_Brief_. In the records below, find the line with "πέσει ή καταστραφεί", then copy each line exactly until you have copied the line with "A rhinoceros beetle". Leave any picture out.

......

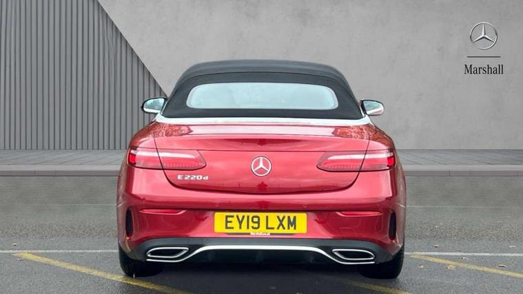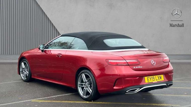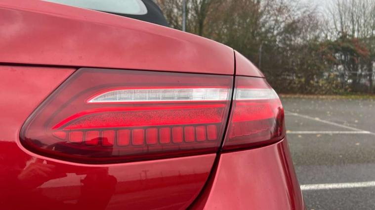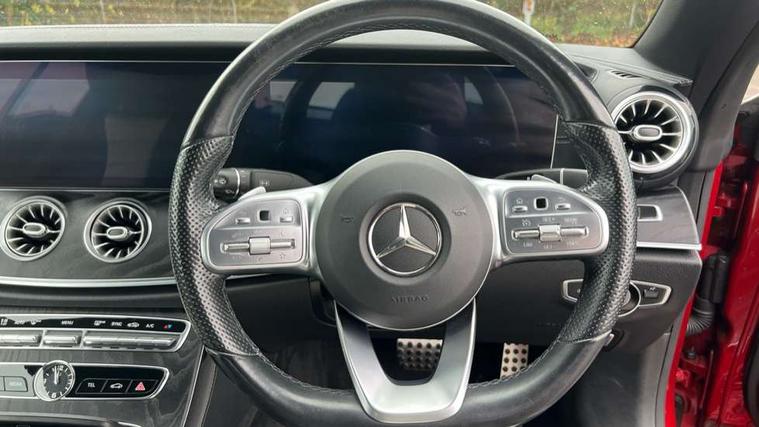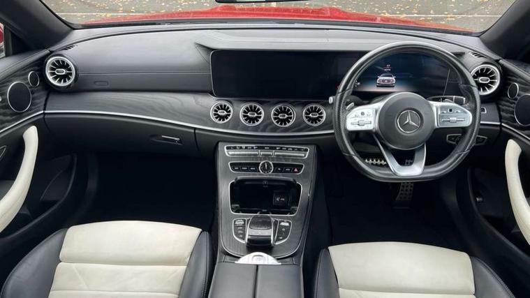 Active parking assist including front and rear parking sensors, Analogue clock, Attention assist, Automatic boot separator, Blind spot assist, Bluetooth interface for hands free telephone, Brake wear warning display, Cockpit display 12.3" widescreen digital instrument cluster, Collision prevention assist plus, Direct steer speed sensitive steering, Direct steering, DYNAMIC SELECT with a choice of driving modes (ECO, Comfort, Sport, Sport+ and Individual), ECO start/stop function, Engine start/stop button, High resolution 12.3" multimedia colour display, Mercedes connect me, Multi function trip computer, Outside temperature display, Remote boot release, Reversing camera, SD card based satellite navigation system, Service indicator (ASSYST), Status display for rear seat belts in instrument cluster, Touchpad with control wheel, 66 litre fuel tank, 8.5 litre AdBlue tank, Agility control sports suspension with selective damping system, Diesel particulate filter, Incorrect fuelling protection, 2 USB ports in centre console, Audio 20 with USB, touchpad and control wheel with Media Interface with Bluetooth interface and hands-free function, DAB Digital radio, Acoustic soft-top with enhanced climate and noise comfort, Adaptive brake lights, AIRCAP wind deflector and draught stop, AMG bodystyling front and rear aprons, side skirts, AMG boot lid spoiler in body colour, AMG front, rear apron and side skirts, Body colour door handles, Body coloured bumpers, Electric windows with one touch opening/closing and obstruction sensors, Exterior mirrors heated and electronically adjustable, Illuminated front door sill panels with Mercedes-Benz lettering, LED high performance headlamps with integrated LED daytime running lights, Magic Vision Control heated windscreen wiper system, Rain sensing windscreen wipers, Rear LED lights, Top surround of side windows in polished aluminium, Visible twin pipe exhaust system integrated into bumper, Waistline in polished aluminium, 3-spoke flat bottom multifunction AMG steering wheel with Touch Control buttons, trimmed in black nappa leather, 4 way adjustable front head restraints and 2 way rear head restraints, 50/50 split folding rear seat, Airscarf - neck level heating, Artico man-made leather upper dashboard and beltlines with contrast stitching, Automatic child seat recognition sensor, Automatic two zone climate control, Bag hook in luggage compartment, Belt feeder driver and front passenger seat belt automatically positioned within easier reach, Black roof lining, Central stowage compartment with 12 V socket in centre console, Centre armrest and door handle illumination, Chrome door pins, Easy entry seats, Floor mats with AMG lettering, Front and rear door pockets, Front centre armrest with stowage compartment, Front footwell lights, Glasses compartment in overhead control panel, Glove compartment - lockable, air conditioned and illuminated, Heated front seats, Interior lighting - 64 colour Ambient lighting, Interior rear light/integral reading lights, Isofix rear child seat fastenings, Multi contour front sports seats, Multi function steering wheel, Partial electric front seats/backrest/height adjust, Rear centre armrest with 2 cupholders + storage, Seat occupancy sensor for front passenger seat, Sports pedals in brushed stainless steel with black rubber studs, Steering column manually adjustable for height and reach, Steering wheel gearshift paddles, Steering wheel touch control buttons for audio and onboard settings, Storage net in luggage compartment, Sunvisors with illuminated vanity mirrors, Twin front cupholders, Mirror pack - E Class, Seat comfort pack - E Class, Stowage pack - E Class, Active bonnet, Active brake assist, Adaptive brake system, Adaptive driver and front passenger airbags, Anti-lock braking system (ABS), Crash sensor (auto door unlocking), Drivers knee airbag, Electric parking brake, Electronic Stability Programme, Front and rear window airbags, Front seatbelt pretensioners, Front side airbags, Head airbags, Hill hold function, Perforated front brake discs with "Mercedes-Benz" lettering, Seatbelt warning, Three point rear seat belts, Tyre pressure monitoring system, Warning triangle and first aid kit, Alarm system/interior protection/immobiliser, Central locking with interior switch, automatic locking and crash sensor with emergency opening function, Chrome surround in electric key, Keyless entry go starting function, Black open pore ash wood, Open pore black ash wood centre console, Run flat tyres,
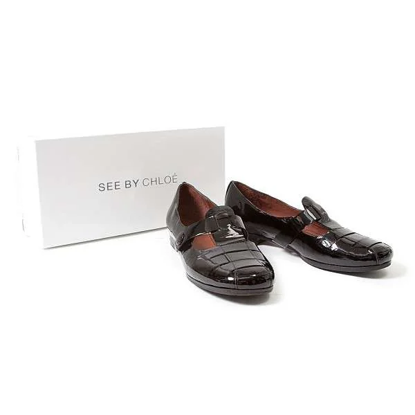 シーバイクロエ SEE BY CHLOE パテントレザーフラットシューズ 35.5 黒35.5(22,5〜23cm)
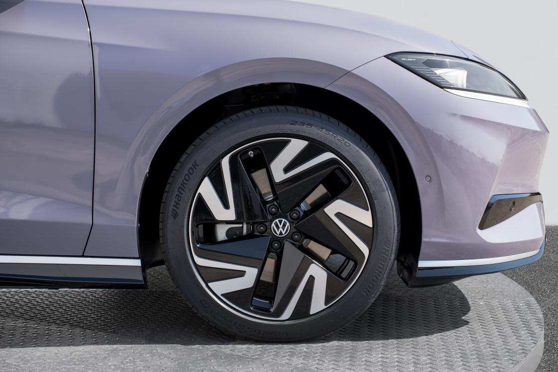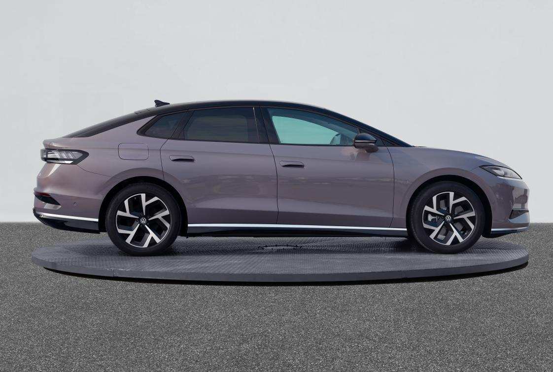 侧面设计上,ID.7 S展现了饱满的车身结构,立体曲面造型及双腰线的设计,让整车比例显得更加修长。半隐藏式的门把手,在兼顾实用性的同时,增加了流畅感。黑色悬浮式车顶配合溜背造型与上翘的尾翼,打造出动感轮廓。同时低风阻车身及轮毂设计,为ID.7 S带来了出色的空气动力学性能。
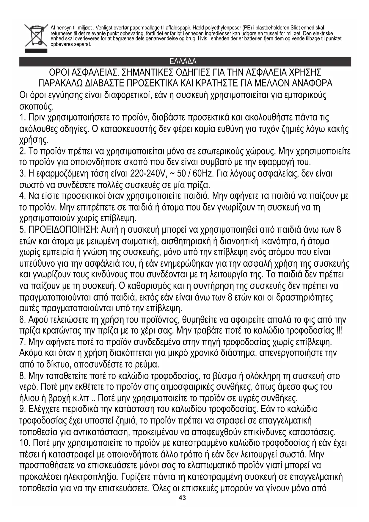 πέσει ή καταστραφεί με οποιονδήποτε άλλο τρόπο ή εάν δεν λειτουργεί σωστά. Μην προσπαθήσετε να επισκευάσετε μόνοι σας το ελαττωματικό προϊόν γιατί μπορεί να προκαλέσει ηλεκτροπληξία. Γυρίζετε πάντα τη κατεστραμμένη συσκευή σε επαγγελματική τοποθεσία για να την επισκευάσετε. Όλες οι επισκευές μπορούν να γίνουν μόνο από Af hensyn til miljøet . Venligst overfør papemballage til affaldspapir. Hæld polyethylenposer (PE) i plastbeholderen Slidt enhed skal returneres til det relevante punkt opbevaring, fordi det er farligt i enheden ingredienser kan udgøre en trussel for miljøet. Den elektriske enhed skal overleveres for at begrænse dets genanvendelse og brug. Hvis i enheden der er batterier, fjern dem og vende tilbage til punktet opbevares separat. ΕΛΛΑΔΑ44 εξουσιοδοτημένους επαγγελματίες σέρβις. Η επισκευή που έγινε εσφαλμένα μπορεί να προκαλέσει επικίνδυνες καταστάσεις για τον χρήστη.
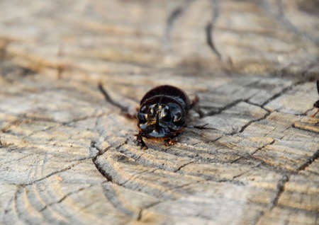 A rhinoceros beetle on a cut of a tree stump. A pair of rhinoceros beetles.
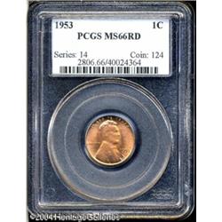 1953 1C MS66 Red PCGS. This fiery-red Superb Gem d <B>1953 1C MS66 Red PCGS.</B></I> This fiery-red Superb Gem does not reveal a single blemish that would cause one to question the validity of the assigned grade. Somewhat softly detailed on Lincoln's portrait, but fully lustrous and nearly pristine. <BR><BR><B>Important notice:</B> Heritage usually auctions material at the rate of 200-250 lots per hour. On some occasions eBay Live bid software or the Internet may not be able to keep up with the pace of the auction. We recommend placing a realistic absentee bid now as insurance to avoid disappointment. Occasionally the auctioneer may eliminate or reject an eBay Live bid, and the auctioneer may also reopen a lot after the close of the eBay live bidding (usually because we missed an audience bid), and may reject your bid even if it shows you as the winning bidder. By bidding via eBay Live, you agree that Heritage may award the lot to another bidder at its sole discretion under the circumstances described above or any other reasonable circumstances. Since eBay bids are not shown to us until we open the lot on the floor, we treat those bids just like floor bids. In most cases the floor responds before the eBay bid is presented to us, due to Internet lag time, so for consistency we have made it a policy that floor bids are always considered first over tie eBay live bids. Also please note that all Heritage lots purchased through eBay Live carry a 20% Buyer's Premium. Please make sure you read the Terms and Conditions before you bid. This lot is being auctioned in conjunction with a live floor auction by Heritage Galleries & Auctioneers. All final auction and invoice information will be supplied by Heritage Galleries & Auctioneers, and all other information should be considered preliminary. Lot:5381
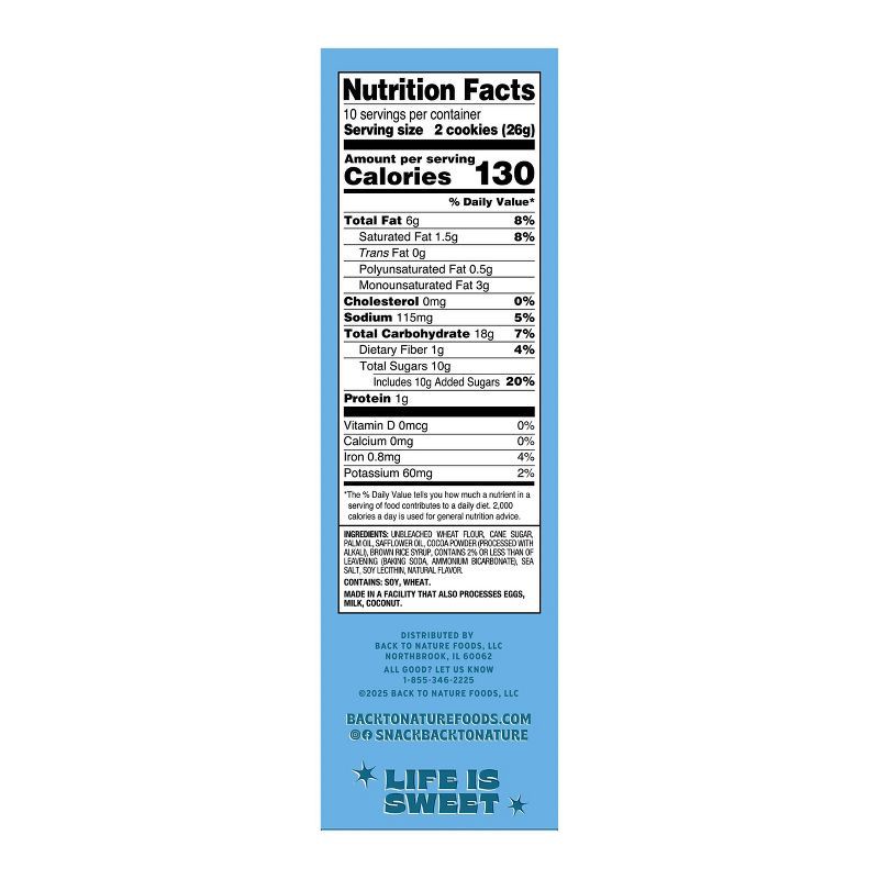 Unbleached Wheat Flour, Cane Sugar, Palm Oil, Safflower Oil, Cocoa Powder (Processed with Alkali), Brown Rice Syrup, Contains 2% or Less than of Leavening (Baking Soda, Ammonium Bicarbonate), Sea Salt…

......

_Solution_.
 πέσει ή καταστραφεί με οποιονδήποτε άλλο τρόπο ή εάν δεν λειτουργεί σωστά. Μην προσπαθήσετε να επισκευάσετε μόνοι σας το ελαττωματικό προϊόν γιατί μπορεί να προκαλέσει ηλεκτροπληξία. Γυρίζετε πάντα τη κατεστραμμένη συσκευή σε επαγγελματική τοποθεσία για να την επισκευάσετε. Όλες οι επισκευές μπορούν να γίνουν μόνο από Af hensyn til miljøet . Venligst overfør papemballage til affaldspapir. Hæld polyethylenposer (PE) i plastbeholderen Slidt enhed skal returneres til det relevante punkt opbevaring, fordi det er farligt i enheden ingredienser kan udgøre en trussel for miljøet. Den elektriske enhed skal overleveres for at begrænse dets genanvendelse og brug. Hvis i enheden der er batterier, fjern dem og vende tilbage til punktet opbevares separat. ΕΛΛΑΔΑ44 εξουσιοδοτημένους επαγγελματίες σέρβις. Η επισκευή που έγινε εσφαλμένα μπορεί να προκαλέσει επικίνδυνες καταστάσεις για τον χρήστη.
 A rhinoceros beetle on a cut of a tree stump. A pair of rhinoceros beetles.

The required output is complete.